We don't know $p(z|x)$, but we know that we want $q(z|x)$ as close as possible to $p(z|x)$. Therefore, we know that the KL divergence between the two should be minimal.
$KL(q(z|x) || p(z|x))$
TODO complete the train of thoughts.

Key insights:

if you have a function $x=f(z;\phi)$, and function $f$ is deterministic and parameters $\phi$ is fixed, then $f(z;\phi)$ is a random variable of space $X$.
our goal is it to learn a function $x_{generated}=f(z;\phi)$ that maximizes the probability of $x_{generated}$ following the true data distribution $p(x)$.

Reparametrization Trick

If you would would randomly sample z from the distribution $\mathcal{N}(z;\mu, \Sigma)$, then we could not backpropagate.
Instead, we draw a random $\epsilon$ from a standard gaussian multivariate distribution $\epsilon \sim \mathcal{N}(0,I)$, and re-shift it using $z=\mu + \epsilon * \sqrt{\Sigma}$.
In our case, the layer learns $ln(\Sigma)$, therefore we first calculate the standard deviation $std = exp(ln(\frac{1}{2}\Sigma))$

In the following two figures, red means that gradients cannot flow back, because of the stochasticity of the nodes. If we would sample from the distribution $\mathcal{N}(z;\mu, \Sigma)$ directly, we could not backpropagate.

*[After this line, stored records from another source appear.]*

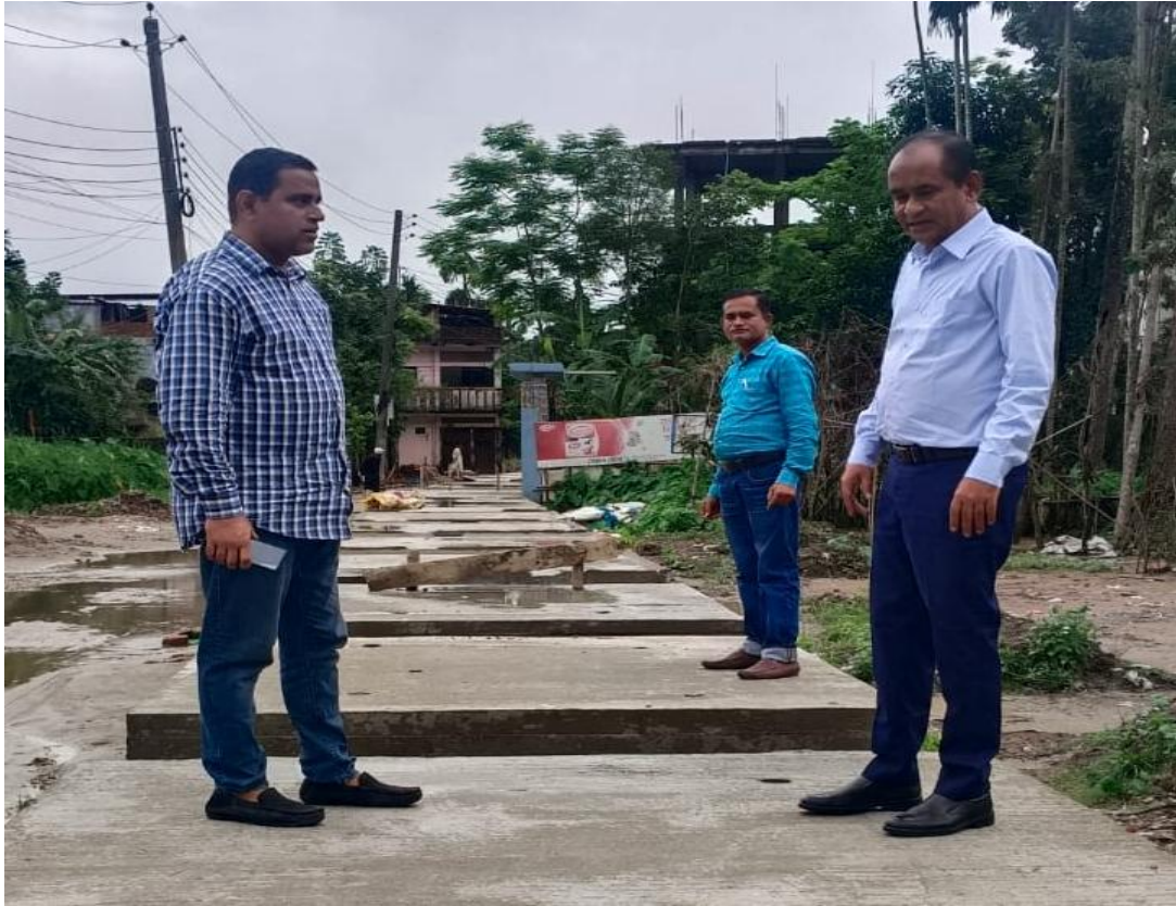
২৯ নং ওয়ার্ডের উন্নয়ন মূলক কাজ পরিদর্শন করেন সিসিকের প্রধান নির্বাহী কর্মকর্তা ও নিবাহী প্রকৌশলী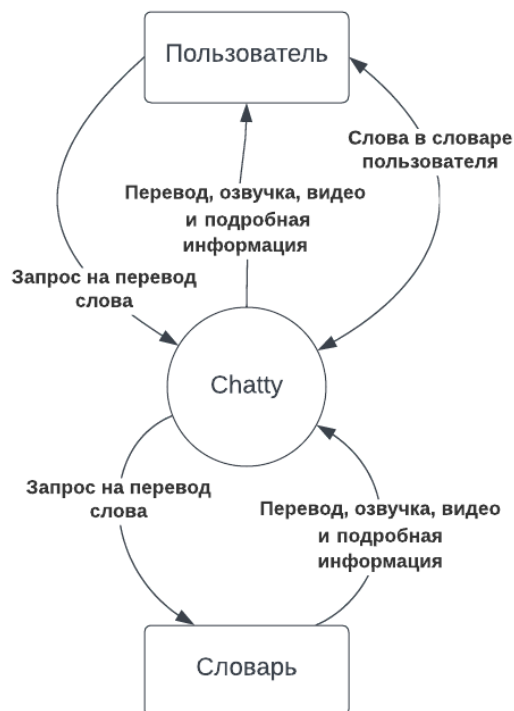
Рисунок 1. Контекстная диаграмма для версии 2.0 веб-приложения Chatty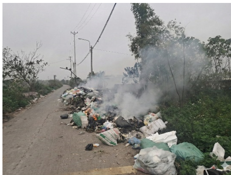
Hình 4.8. Đốt rác thải sinh hoạt tại một bãi rác ven đường

Khu vực đất canh tác tại một số làng nghề có dấu hiệu tích tụ kẽm, chì. Có nơi hàm lượng chì lên đến 27,8 mg/kg, hàm lượng kẽm lên tới 44 mg/kg. Nguyên nhân chính gây suy thoái đất là việc lạm dụng phân bón hoá học, thuốc bảo vệ thực vật trong nông nghiệp, các loại chất thải sinh hoạt, làng nghề và công nghiệp chưa được xử lý triệt để.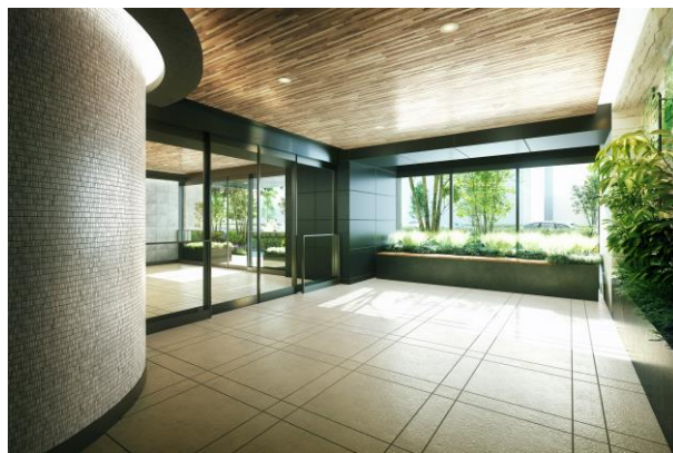
エントランスホール完成予想図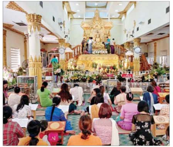
ဘုရား၊ စေတီ၊ ပုထိုးများ၌ ကုသိုလ်ကောင်းမှုပြုကြသူများကို တွေ့ရစဉ်။

★ စာမျက်နှာ ၂၄ မှ ဆီမီး ၁၀၀၀ ထွန်းညှိပူဇော်ခြင်းများဖြင့် တန်ဆောင်မုန်းလပြည့်သာမညဖလ အခါတော်နေ့ တန်ဆောင်တိုင်မီးထွန်းပွဲတော်ကို ပျော်ရွှင်ကြည်နူးစွာ ဆင်နွှဲခဲ့ကြသည်။ အလားတူ တန်ဆောင်တိုင်မီးထွန်းပွဲတော်အထိမ်းအမှတ်အဖြစ် ကာကွယ်ရေးဦးစီးချုပ်ရုံး(ကြည်း) ဝင်းအတွင်း၌လည်း လမ်း၊ အဆောက်အအုံများနှင့် ပန်းအလှသစ်ပင်များတွင် ရောင်စုံမီးအလှများဖြင့် မီးထွန်းပွဲတော်ကို သာယာလှပစွာ ရှုမငြီးဖွယ် ပြုလုပ်ထားရှိပြီး ပျော်ရွှင်ပွဲများကိုလည်း ပြုလုပ်ကြရာ ကာကွယ်ရေးဦးစီးချုပ်ရုံး(ကြည်း၊ ရေ၊ လေ) မိသားစုများက စိတ်နှလုံးအေးချမ်းစွာဖြင့် ပျော်ရွှင်ကြည်နူးစွာ ဆင်နွှဲခဲ့ကြသည်။ “တန်ဆောင်”မှာ မီးရှူး၊ မီးတိုင်း၊ ဆီမီး ဟု အဓိပ္ပာယ်ရပြီး “မုန်း”မှာ တောက်ပသည် ဟူသော အနက်ကိုယူ၍ ဝေါဟာရပေါင်းစည်းသည်အခါ “ဆီမီးတိုင်းများ မျက်စိတစ်ဆုံး ပွားများထွန်းလင်းနေသည်”ဟု ဆိုလိုသည်ဖြစ်၍ တိုင်းဒေသကြီးနှင့် ပြည်နယ်အသီးသီးရှိ ဘုရား၊ စေတီ၊ ပုထိုး

In constrast, after using the reparametrization trick $z=\mu + \epsilon * \sqrt{\Sigma}$ with $\epsilon \sim \mathcal{N}(0,1)$ we can backpropagate to $\Sigma$ and $\mu$. We still cannot backpropagate to $\epsilon$, but we also don't need to.



In [ ]:

    
def variational_encoder(x):    
    # encoder # q(z | x)
    with tf.variable_scope("VariationalEncoder"):
        enc_h1 = gated_dense_layer(layer_input=x, in_dim=x_dim, out_dim=enc_l1_dim, name="Layer1") # [batch_size, 300]
        enc_h2 = gated_dense_layer(layer_input=enc_h1, in_dim=enc_l1_dim, out_dim=enc_l2_dim, name="Layer2") # [batch_size, 300]
        z_q_mean = linear_layer(enc_h2, in_dim=enc_l2_dim, out_dim=z_dim, name="z_mean") # [batch_size, z_dim]
        z_q_logvar = linear_layer(enc_h2, in_dim=enc_l2_dim, out_dim=z_dim, name="z_logvar") # [batch_size, z_dim]
    return z_q_mean,z_q_logvar



In [ ]:

    
def reparametrize(z_q_mean, z_q_logvar):
    # https://arxiv.org/pdf/1312.6114.pdf, Page 5 in the very bottom. # [bs, z_size]
    with tf.name_scope("Repararmetrization_Trick"): # this is the reparameterization trick
        # z_sigma = z_q_logvar
        # z_mu = z_q_mean
        epsilon = tf.random_normal( # draw some uniform random noise
            tf.shape(z_q_logvar),
            mean=0.0,
            stddev=1.0,
            dtype=tf.float32,
            name="random_variable_epsilon")

        std = tf.sqrt(tf.exp(z_q_logvar))  #  e^(1/2 * ln(var)) = sqrt(var)
        z_q = z_q_mean + epsilon * std # [batch_size, z_size]
    return z_q # z_q means z~Q(z|x). In words: that z was sampled from the approximate posterior Q(z|x)



In [ ]:

    
def variational_decoder(z_q):
    # decoder - p(x|z)
    with tf.variable_scope("VariationalDecoder"): # x_mean = p(x|z)
        dec_h1 = gated_dense_layer(layer_input=z_q, in_dim=z_dim, out_dim=dec_l1_dim, name="DecLayer1") # [batch_size, 300]
        dec_h2 = gated_dense_layer(layer_input=dec_h1, in_dim=dec_l1_dim, out_dim=dec_l2_dim, name="DecLayer2") # [batch_size, 300]
        x_mean = linear_layer(dec_h2, in_dim=dec_l2_dim, out_dim=x_dim, name="x_mean") # [batch_size, 784]
        # x_mean is our predicted x from the sampled z. so we have: P(x|z)P(z)
        # we want to maximize the probability that x_mean looks like our original x
    return x_mean

Model



In [ ]:

    
# input
with tf.variable_scope("Input_features_%s"%x_dim):
    x_input = tf.placeholder(shape=[None, x_dim], dtype=tf.float32, name="input_features")# shape: [batch_size, x_dim]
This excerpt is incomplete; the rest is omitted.